[YOUR INSTRUCTIONS] Quote the whole listing exactly. Leave the pictures out of your copy.

--- GIVEN DATA ---

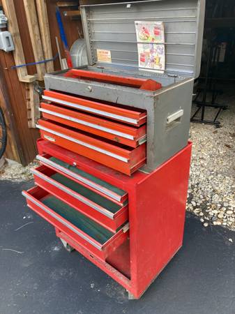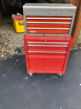 $45.00 - Tool Cabinet, Craftsmen brand, 3 drawer top unit and 3 drawer +, lower cabinet, see pics
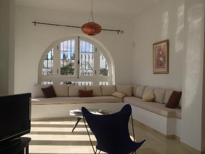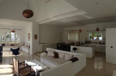 A louer à courte durée une magnifique villa avec vue de mer située à Hammamet - Zone Craxi. Elle est composée d'un spacieux salon, salle à manger, trois suites parentales, cuisine bien équipée et une salle d'eau. Cette villa est équipée de chauffage central et climatiseur. Elle dispose d'un grande piscine, un grand jardin et un parking. Prix: 4000DT / Semaine. 16000DT / Mois.
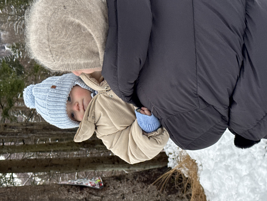 - "A baby in a light blue beanie with a pom-pom and a beige corduroy jacket is held by an adult wearing a light brown knit hat and a black puffer jacket" by FM-SHEMl1, licensed under CC BY 4.0
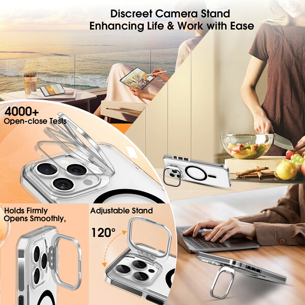 【米軍規格・Magsafe対応】iPhone16 ・15・14 ・13・12用 ケース 半透明 マグネット搭載 耐衝撃 耐久性 全面保護 黄ばみなし ストラップホール付き イフォンiPhone11 12 13 14 15 マグセーフ対応 スタンド付き マグネット搭載 スタンド一体型半透明 背面クリア

---

[WORKED SOLUTION]
 $45.00 - Tool Cabinet, Craftsmen brand, 3 drawer top unit and 3 drawer +, lower cabinet, see pics
 A louer à courte durée une magnifique villa avec vue de mer située à Hammamet - Zone Craxi. Elle est composée d'un spacieux salon, salle à manger, trois suites parentales, cuisine bien équipée et une salle d'eau. Cette villa est équipée de chauffage central et climatiseur. Elle dispose d'un grande piscine, un grand jardin et un parking. Prix: 4000DT / Semaine. 16000DT / Mois.
 - "A baby in a light blue beanie with a pom-pom and a beige corduroy jacket is held by an adult wearing a light brown knit hat and a black puffer jacket" by FM-SHEMl1, licensed under CC BY 4.0
 【米軍規格・Magsafe対応】iPhone16 ・15・14 ・13・12用 ケース 半透明 マグネット搭載 耐衝撃 耐久性 全面保護 黄ばみなし ストラップホール付き イフォンiPhone11 12 13 14 15 マグセーフ対応 スタンド付き マグネット搭載 スタンド一体型半透明 背面クリア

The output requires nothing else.